Technically known as, the theorization in question will thus not be functorial: formalization and interpretation will not be “functors” between two categories. [23]

Thus, if the specific interest of any formalization precisely holds with the contrasted relationship between a starting field formally seized like discrete (without immanent relationships) and a theoretical field where the objects will be connected by formal deductions, it goes without saying that the musical relationships (that the musician knows well but that the theory is unaware of) will appear to this musician as deformed and not reflected by the theoretical construction in question. It is to say that the musician reserves with regard to such a mathematical theorization will be inevitable.

A theory coordinating a sheaf of formalizations

To theorize mathematically the music engages a great diversity of formalizations which the mathematician will have to coordinate if he wants to build a theory of the music and not to accumulate a cluster of local operations.

Mazzola carries out this coordination within the framework which is offered to him by the grothendieckian topos theory [24]. Euler, of course, did not have such a preexistent framework, and its theorization of the music was useful to him precisely - inter alia… - to put the unit of mathematics of its time (then taken in a vast movement of diversification) proof against a single object (music)…
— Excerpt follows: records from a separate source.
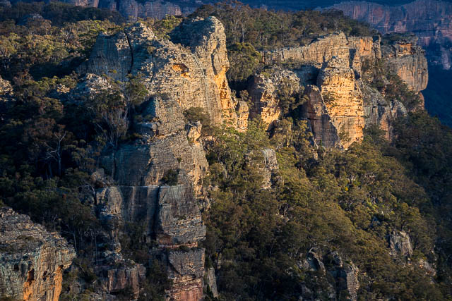 In the party, as well as myself, were John, Chuin Nee and Jasper, and also Digi Dave, Stacey and Rik. We arrived at Newnes about lunchtime and walked straight up Little Capertee Creek and then up a side creek to the Wolgan/Capertee Divide. From there it was only a 15 minute walk to our campsite. We set up our tents and flys and then we could spend the rest of the afternoon relaxing, enjoying the magnificent views and taking the odd photo.
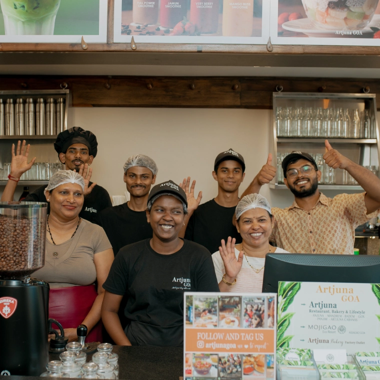 Located just below an Ayurvedic clinic and easily accessible from NH 66, Artjuna Porvorim is designed for everyday ease; whether you’re dropping in for a quick coffee, meeting friends for a casual bite, or picking up freshly baked sourdough loaves and handcrafted breads and pastries from the Artjuna Bakery on your way home.
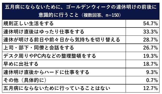 Q10. あなたが五月病にならないために、ゴールデンウィークの連休明けの前後に意識的に行うことをお答えください。(複数回答、n=150)
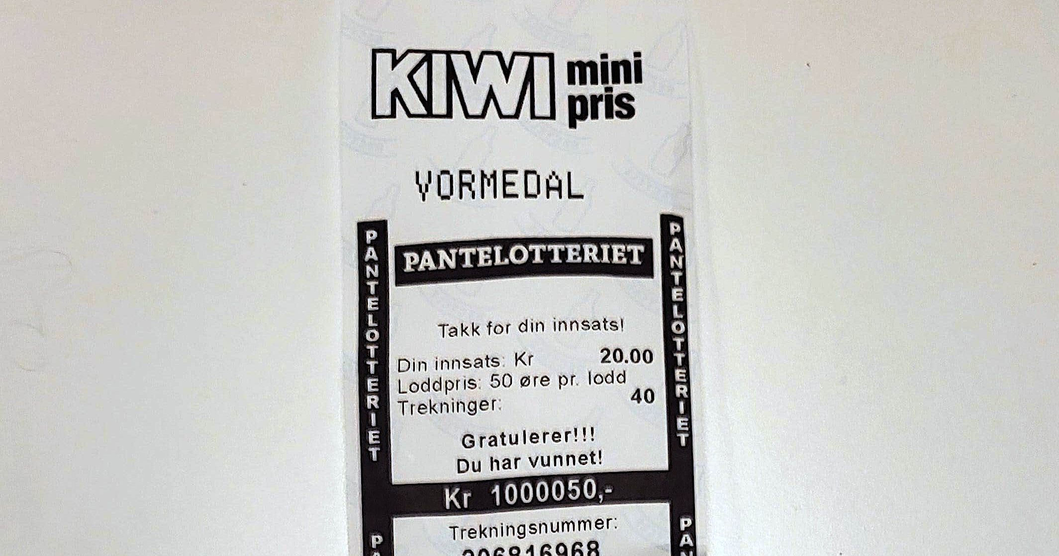 Pantelappen på Kiwi viste seg å være verdt utrolige én million kroner. Foto: Privat

In both cases, a mathematical theory of the music is not satisfied to collect disparate formalizations and to deal with their mathematical unification. It is understood that such a requirement concerns a specifically mathematical command, and not musical at all. From where the following point.

A theory serving mathematics rather than music

Such mathematical theories, which aim at mathematics much more than music and which are the subjective business of mathematicians (the musician does not worry more unit of mathematics that the mathematician does worry to bring a new reading of such or such musical work) could not be of real use for the working musician.

The musician, craftsman of his art, will thus be interested hardly in these mathematical theories; quite simply it will not read them: it is not only that he could be made perplexed by such or such technical detail; it is more primarily that he does not need such a type of theory, as well in its practice as in its possible concern of theorizing the music this time as a musician (one will examine further the specific manner whose musician will be able to seize mathematics to theorize the music).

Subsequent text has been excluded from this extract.